Australian government, 1975–1983

The Fraser government was the federal executive government of Australia led by Prime Minister Malcolm Fraser. It was made up of members of a Liberal–Country party coalition in the Australian Parliament from November 1975 to March 1983. Initially appointed as a caretaker government following the dismissal of the Whitlam government, Fraser won in a landslide at the resulting 1975 Australian federal election, and won substantial majorities at the subsequent 1977 and 1980 elections, before losing to the Bob Hawke–led Australian Labor Party in the 1983 election.

== Background ==

Billy Snedden led the Liberal–National Coalition in the 1974 Australian federal election which saw Whitlam Labor government re-elected with a decreased majority in the House of Representatives. Fraser unsuccessfully challenged for the leadership of the Liberal Party in November 1974, then on 21 March 1975, defeated Snedden, with Phillip Lynch remaining Deputy Leader.

===Dismissal of the Whitlam government===
Following the 1974–75 Loans Affair in which the Whitlam government operated outside the Loan Council and authorised Minerals and Energy Minister Rex Connor to conduct secret discussions with a loan broker from Pakistan to secure a $US4 billion loan, and the Treasurer, Jim Cairns, had misled parliament over the issue, Fraser told Parliament that the government was incompetent and the opposition Liberal–Country Party Coalition delayed passage of the government's money bills in the Senate, with the intention of forcing the government to an election. Prime Minister Whitlam refused to call an election. The deadlock came to an end when Whitlam was dismissed by the Governor General, John Kerr on 11 November 1975 and Fraser was installed as caretaker Prime Minister, pending an election. At elections held in December 1975, Fraser and the Coalition were elected in a landslide victory.

==First term==

The 1975 double dissolution election which followed the dismissal of the Whitlam government saw the Liberal Party win 68 seats to Labor's 36, with the newly renamed National Country Party winning 23 seats in the House of Representatives. The election result placed the Liberal Party in a position to govern in its own right. However, Fraser maintained the Coalition, and Nationals leader Doug Anthony became deputy prime minister.

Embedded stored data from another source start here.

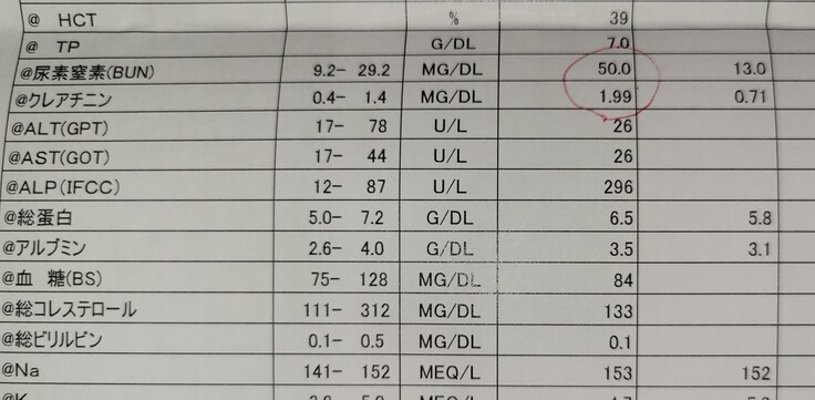 ↓の赤丸が腎臓の数値(本日)で、右側は7月1日です。数値が急上昇してしまっています。
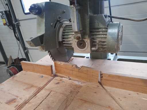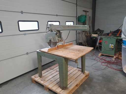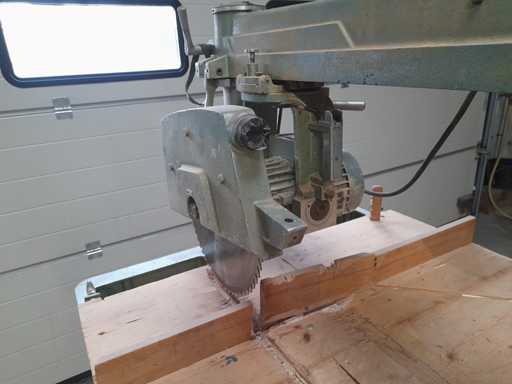 Een metalen frame gemonteerde radiaalzaag met een schuifsnijwagen.
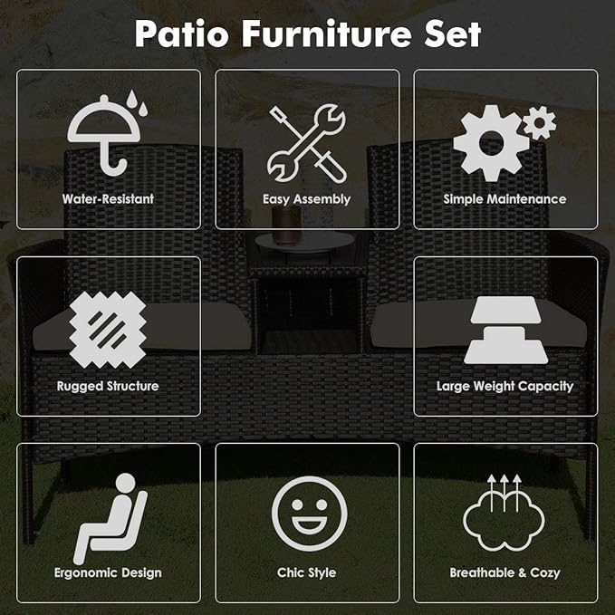 About This 【Cozy and Ergonomic Design】For your comfort, this wicker set comes with two thick cushions(pillow not included) that is...
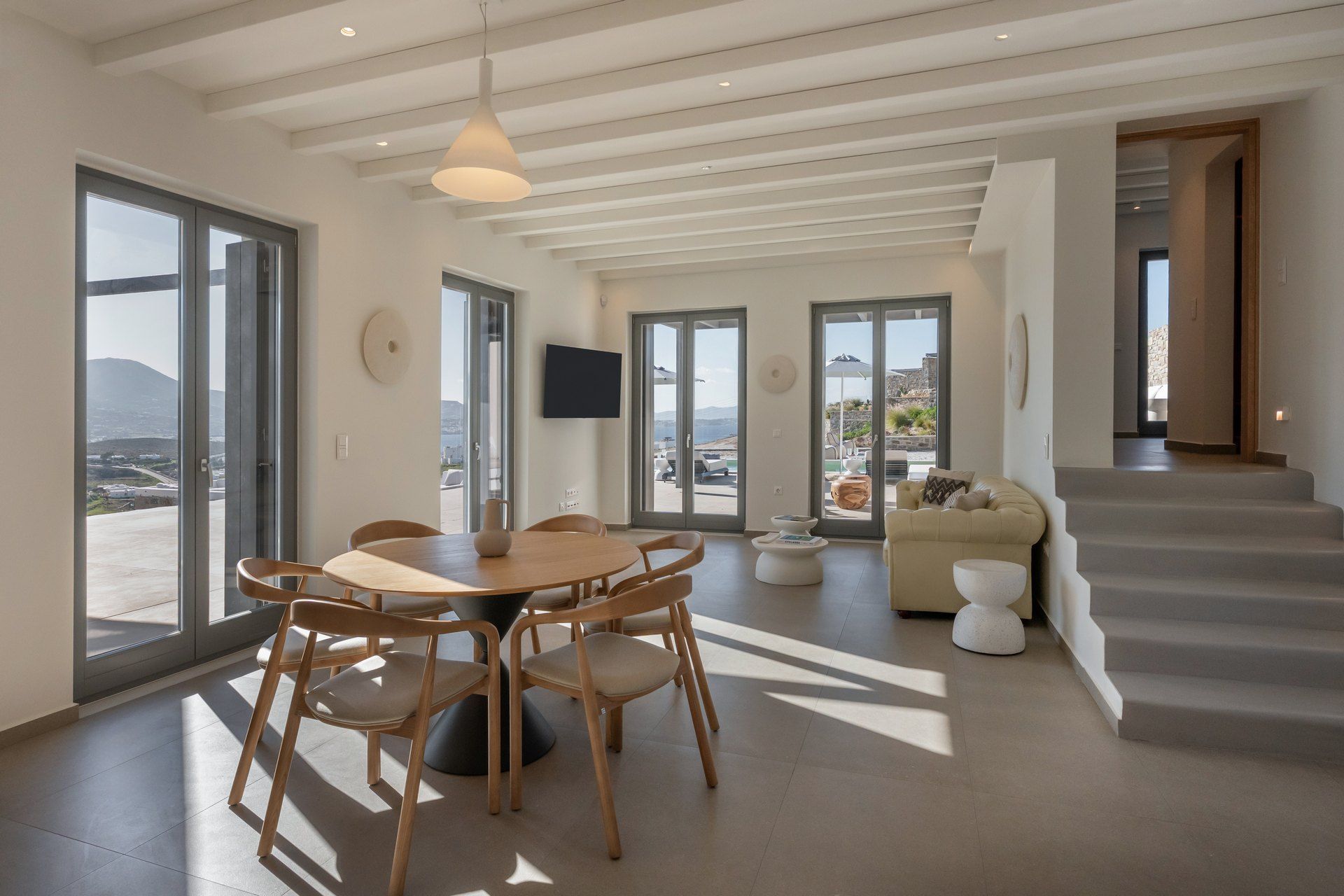 Open-plan living area with TV, access to pool terrace, sea view
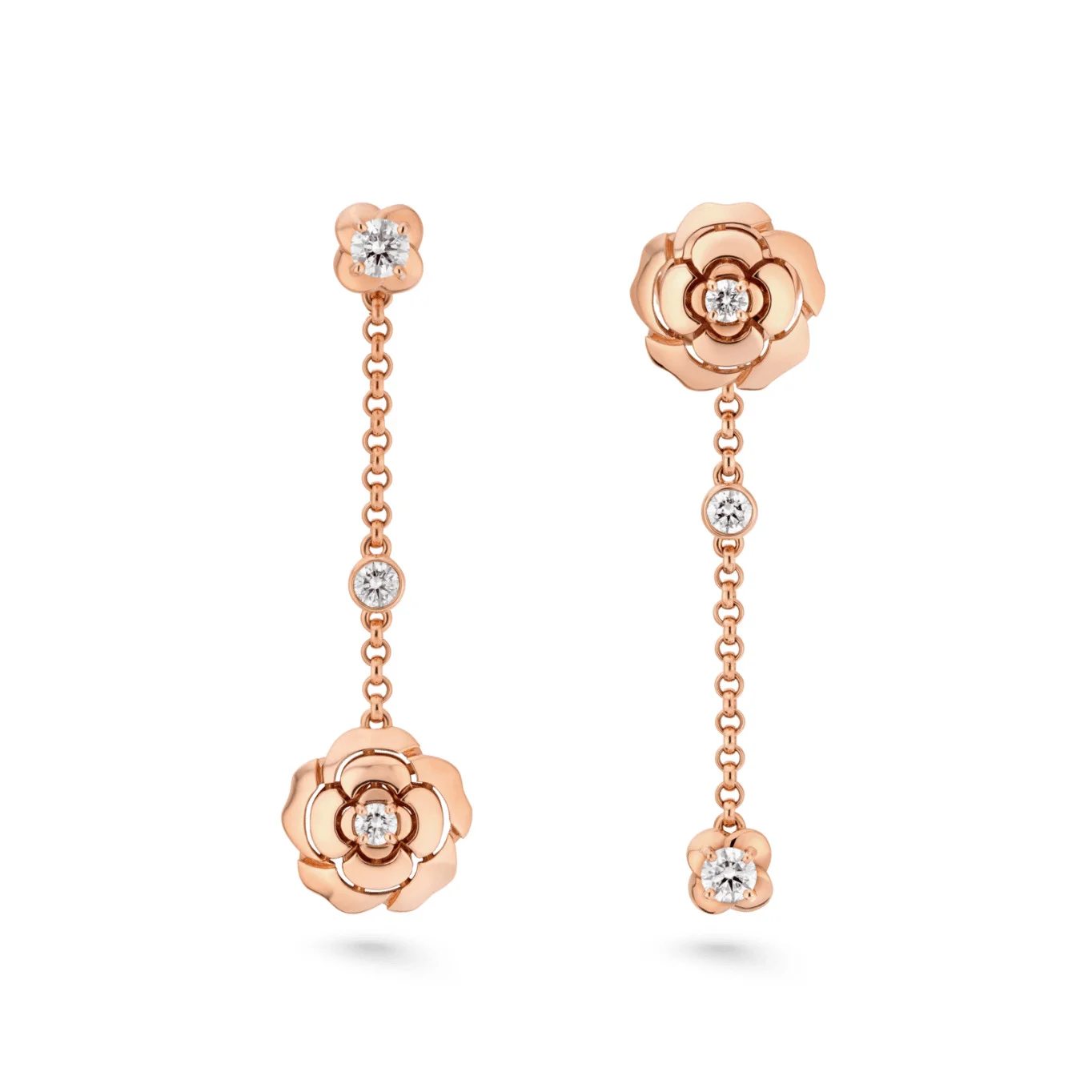 Extrait de Camélia transformable earrings, 18k pink gold, diamonds on the CHANEL website. 18k pink gold, diamonds
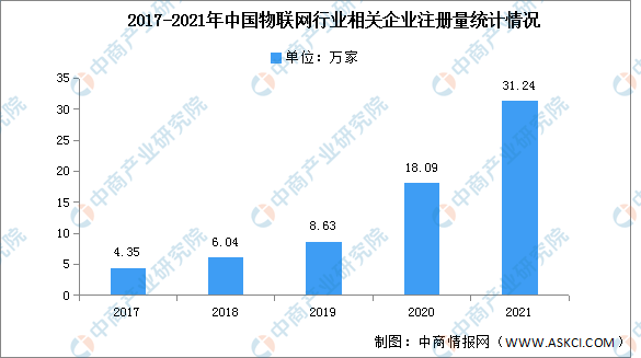 近年來,隨著物(wu)(wu)聯(lian)(lian)(lian)網行(xing)業(ye)的(de)迅(xun)速(su)發(fa)展,不(bu)斷有新(xin)企(qi)業(ye)入(ru)局,物(wu)(wu)聯(lian)(lian)(lian)網行(xing)業(ye)企(qi)業(ye)數量(liang)增速(su)不(bu)斷提升(sheng),2021年我國物(wu)(wu)聯(lian)(lian)(lian)網行(xing)業(ye)相關企(qi)業(ye)注冊量(liang)為31.24萬(wan)家,同比增長72.7%。但由于物(wu)(wu)聯(lian)(lian)(lian)網行(xing)業(ye)結構性供給過剩(sheng)與短缺問題同時存(cun)在,企(qi)業(ye)實際盈利能力和物(wu)(wu)聯(lian)(lian)(lian)網的(de)應用滲透并未(wei)顯著提升(sheng),預計(ji)未(wei)來新(xin)成立物(wu)(wu)聯(lian)(lian)(lian)網企(qi)業(ye)增速(su)將(jiang)放緩。
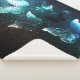 Mariposas brillantes nocturnas de menta sobre fondo abstracto negro.
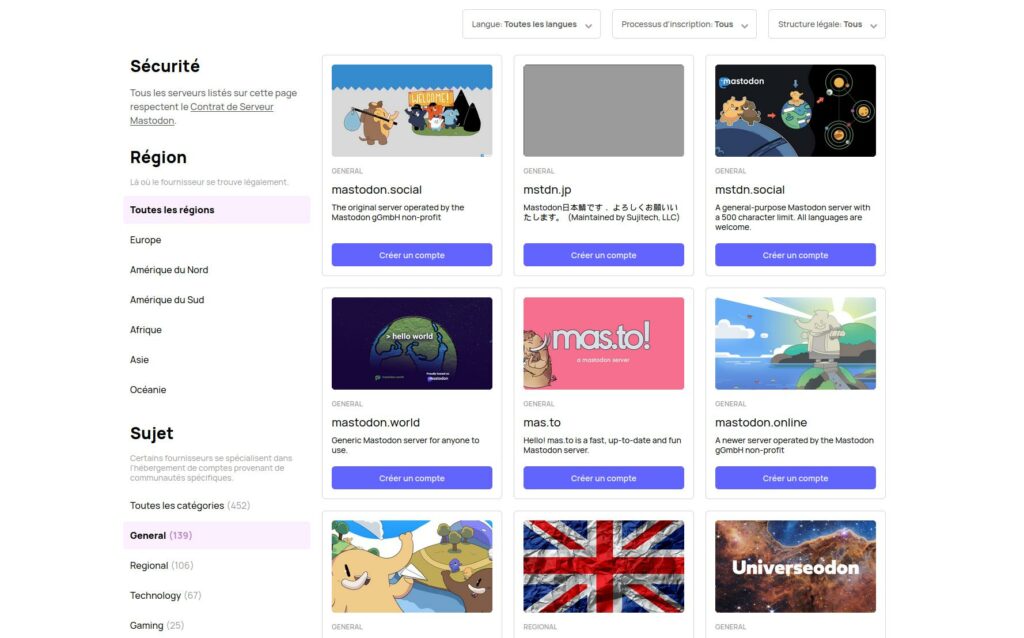 Retrouvez une liste très complète des instances libres à l’inscription sur JoinMastodon. Vous pouvez filtrer par région, sujet ou choisir la langue principale utilisée sur le réseau.
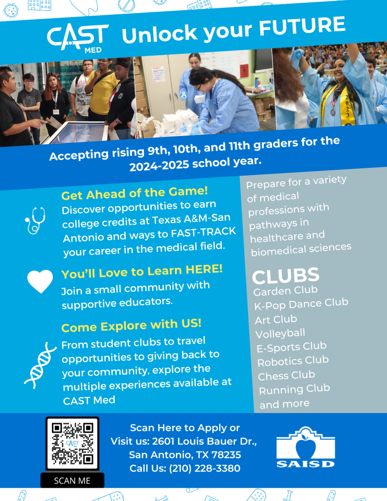 At CAST Med High School, we add to the pipeline of much-needed doctors, nurses, pharmacists, dentists, and researchers in the San Antonio area with students wishing to improve the health of our community. We offer an emphasis on medicine and biomedical research.
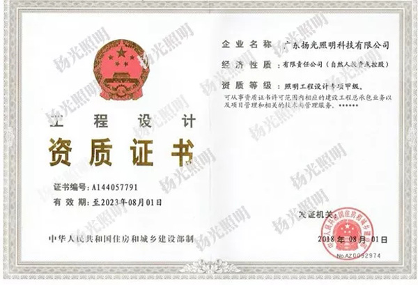 道路照明工程施工壹級,照明工程設(shè)計專項資質(zhì)甲級的“雙甲”企業(yè),“雙甲”資質(zhì)的取得體現(xiàn)了行業(yè)和市場對公司綜合實力的高度認(rèn)可,意味著可以承接任何規(guī)模的

In the Senate, 64 seats were contested and 27 Liberal, 27 Labor and 7 National Party Senators were elected, together with 1 Independent and 1 each from the Liberal Movement and the Country Liberal Party. After winning the 1975 election, Fraser won two subsequent elections: with further substantial majorities in 1977 (67 seats to the Labor Party's 38, with 19 seats going to the National Country Party) and 1980 (Liberals 54 and National Country Party 20 to Labor's 51).

==Policies==
===Economics===
Australia had entered recession and faced high inflation under the later period of the Whitlam government. Fraser maintained that reducing inflation should take priority over reducing unemployment and believed that the economy would benefit from a transfer of resources from the public sector to the private sector. In its early years, the Fraser government sought to address the economic situation by providing businesses with an investment allowance and reduced taxation on mining and on private companies, while it cut expenditure on a range of government services, public service salaries and the arts.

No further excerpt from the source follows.